A few days into the mission, Wiens said images will be taken of the back of the Rover and it will get its calibration targets ready.
Eventually, there will be a software update. Right now, the flying software is actually flying the mission, but the ground software will be programmed in.
“That will take several days and everything will have to be verified,” Wiens said. “Toward the end of the second week, we will get to start working with ChemCam.”
Meanwhile, the public is invited to a special opening reception beginning at 10 p.m. Sunday to celebrate Los Alamos National Laboratory technologies aboard the six-wheeled mobile science laboratory.
The Curiosity rover, the centerpiece of NASA’s Mars Science Laboratory mission, is scheduled to touch down on the Red Planet Sunday at 11:31 p.m. The museum plans to show the landing via NASA TV live that evening.
“This is an exhibit about LANL technology on Mars.
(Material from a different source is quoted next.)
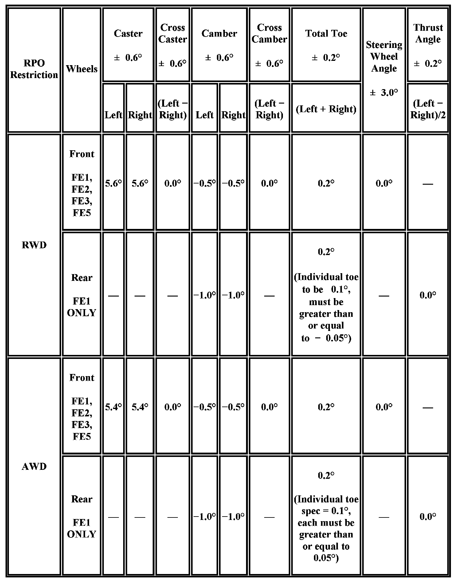 Wheel Alignment Specifications

We’re really excited to showcase LANL’s scientific and technologic expertise while also providing an educational and fun experience for the public,” said Bradbury Science Museum Director Linda Deck. “We’ve been thinking about this for months and intensely working on it about four weeks,” she said, adding that the exhibit will remain in place indefinitely in the museum’s TechLab.
Visitors will find display models of ChemCam — the rock-zapping laser that will help characterize Martian geology — CheMin, which uses X-ray diffraction to determine the composition of mineral samples collected and dropped into a funnel on the Curiosity rover; and simulated radioisotope thermoelectric generators (RTGs), the tiny plutonium canisters that provide heat and power sources that give Curiosity several times as much electricity as previous-generation rovers — a necessity for the much larger and more-advanced payload on Curiosity.
The museum’s TechLab will have a dozen videos and animations about the Curiosity rover from NASA and the Jet Propulsion Laboratory. A scientist from LANL’s Curiosity team will be on hand to talk to visitors during the opening event.